# Looking For Any Info On A Brette Phillipe Pocket Watch



## analogkid (Jun 29, 2011)

Hello, I just received a pocket watch from my mother that my Father had before passing away. I tried goggling the watch and found no information. I would be grateful for any feedback in regards to where the manufacture is located, and if still in business, or any other information on this pocket watch. The only type that I can find is the name Brette Phillipe, or Phillepe. It's hard to read the name.

Thx


----------



## Julian Latham (Jul 25, 2005)

Welcome to the forum.

If you could provide some images of the watch there is a very good chance it can be identified and dated.

Essential are clear close up images of the dial and movement, with dimensions if possible. There is an excellent forum tutorial on posting images HERE.

Julian (L)


----------



## analogkid (Jun 29, 2011)

Julian, thanks for the reply. Unfortunately I recently was added as a statistic in the house break-in department. Anything small and electronic was taken. The only info I could find was the name mentioned on the face of the dial. I looked for any markings or symbols but could not locate any. The following is my description in better detail.

The name "Brette Phillipe" is in italics, right below in uppercase font is "CHRONO" All the letters are black including the hour-minute-and second. It has a white face. The material reminds me of brushed brass. The hinge is located at the bottom . The cover is not solid but has a pattern cut in it. It has a spear shape at each of the four points of XII , III, VI, AND IX with the tip touching the outer rim. It has a curl look flaring out from the spear shape. I would say about 30% of the face exposes the clock itself. The back has a design where the middle depicts a sun image with curving lines, not solid. The rest of the etched patterns look like exclamation points with it's top leaning to the right. These exclamation images are not all the same size. The top has a typical rotator that sets the time. The circumference is 1 3/4 "", with it's depth at 1/2 ""

I hope this helps.


----------



## mel (Dec 6, 2006)

Julian tells it like it is - trying to ID a watch from a description, no matter how good, is not really possible, and the more obscure a watch is, the harder it becomes. Common watches standard features may trigger a reaction from one of our members, but of an obscure watch, it's almost an impossibility. :yes:

OTOH, maybe one of our other members may have a notion - but Julian has extensive knowledge of Pocket Watches particularly, and these are a specialist field.

:weed: ldman:


----------



## harryblakes7 (Oct 1, 2010)

I have seen a small Philippe pocket watch, like a ladies pendant watch worn on a chain, nothing much to get excited about....... I think the name is trying to imply by association the greater name of Patek Philippe, so proceed with caution, unless we can see a pic to confirm.......... sorry to hear about your things being stolen, it's not nice, I had a small steam engine in the garage went, along with a brand new battery charger and my Dads old battery charger, the world we live in sadly..........


----------



## analogkid (Jun 29, 2011)

This watch journey is taking on a interesting twist. You would think that some information would be available with just the name. I would be happy to just get something on the just the manufacture. The only conclusion I can come up with at this time is they were not in business very long, and just made a small batch before stopping. It does not look very old, but that could be misleading because my Father had many items that he would tuck away with the reason being keeping it as new as possible. I might be approaching this in the wrong way. I'm going to take the path that it was made by a big manufacture, and the watch name has been lost in all it's clutter. Please let me know if you have any ideas otherwise.

To: Harryblakes7

I'm sorry to hear you also got wacked. The part that really makes it hard is what I found out what they received from the Pawn Shop after the police tracked down some of my items.

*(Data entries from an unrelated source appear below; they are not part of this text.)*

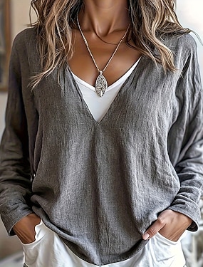 Per donna Blusa Finto cotone e lino Patchwork Semplice Elegante Vintage Manica Lunga Scollo a V Top Regolari Quotidiano Ferie Uscire Giallo Blu marino Grigio Estate Primavera Autunno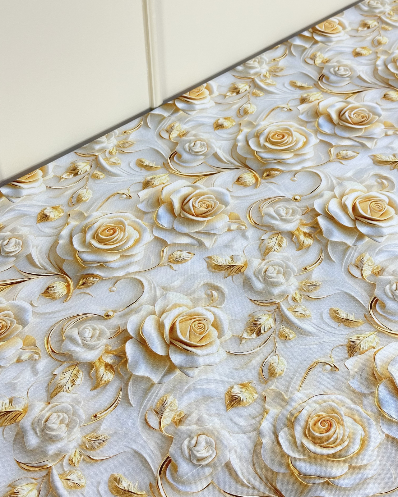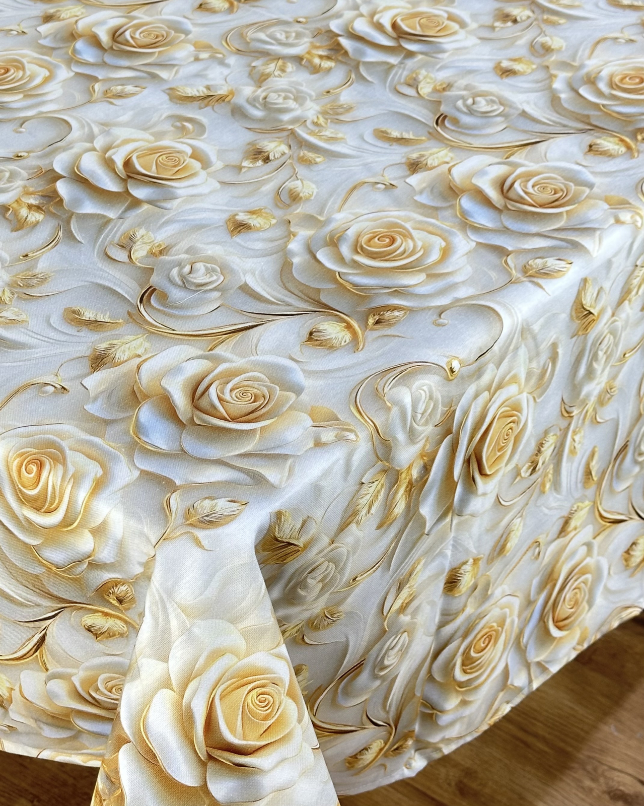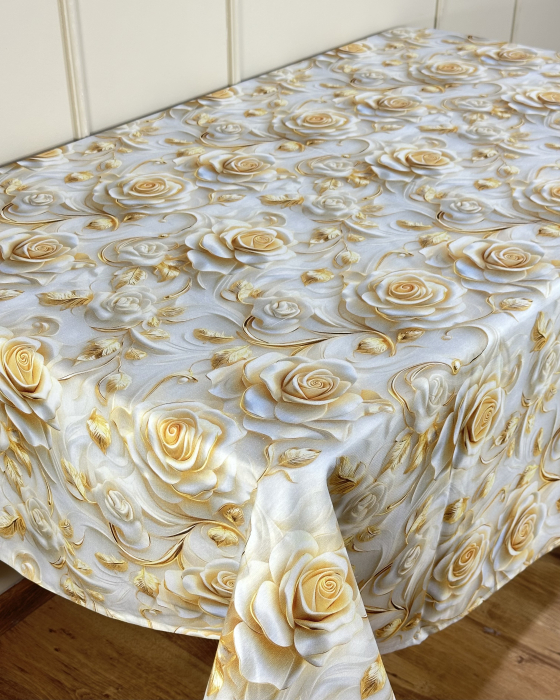 Față de masă impermeabilă, 100% bumbac - Trandafiri aurii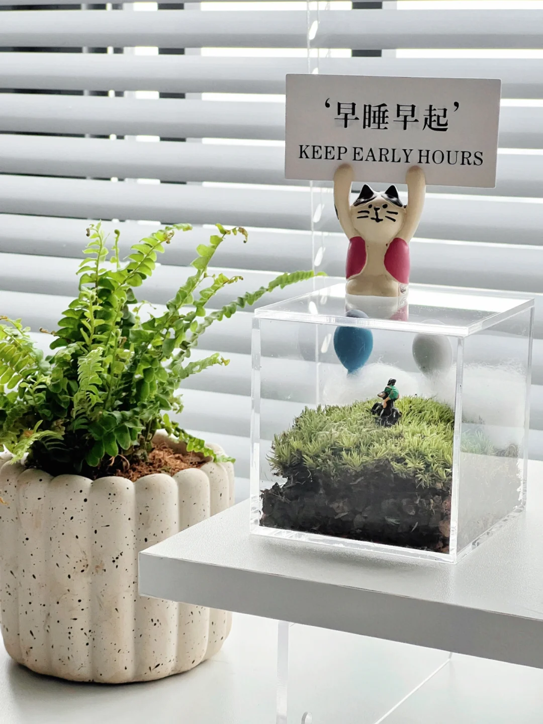 今天的书桌充满了元气! 把小绿植盆栽们都摆上了书桌 手工做了个苔藓微景观 喷了水后,充满了生机勃勃,心情也愉悦啦! 周末快乐呀!

On a side note I also have a small steam engine that I kept from a 4 year old birthday. It has most of the parts and uses pellets to warm up the boiler. It's built like a tank, and when the fires cooking can run via pistons and pulleys a lot of devices. They did not take this.


----------



## Julian Latham (Jul 25, 2005)

It was common practise for retailers to buy in movements (ebouche), cases and dials and then assemble them with their own names prominently displayed on the dial.

Wiki has useful entries on Case styles and movements.

A complete stab in the dark and possibly misleading but your description suggests a SKELETONIZED movement, possibly of Chinese origin. This is pure guess work and may prove to be a red herring so treat with caution.

Can you upload images from a mobile phone?

Julian (L)


----------



## TooMuchTime (Jun 30, 2016)

Julian Latham said:


> Welcome to the forum.
> 
> If you could provide some images of the watch there is a very good chance it can be identified and dated.
> 
> ...


 I have this pocket watch as well. I will upload pictures as a separate reply.


----------



## TooMuchTime (Jun 30, 2016)




----------



## scottswatches (Sep 22, 2009)

I have an 18kt Philippe watch from the 1950's, and I did some research on the company




























as you might have gathered, they are French


----------



## TooMuchTime (Jun 30, 2016)

scottswatches said:


> I have an 18kt Philippe watch from the 1950's, and I did some research on the company
> 
> 
> 
> ...


 I do not believe this is the same company. Also upon me opening the back cover of this watch, it is easily noticeable that this watch is not in any case an old one.


----------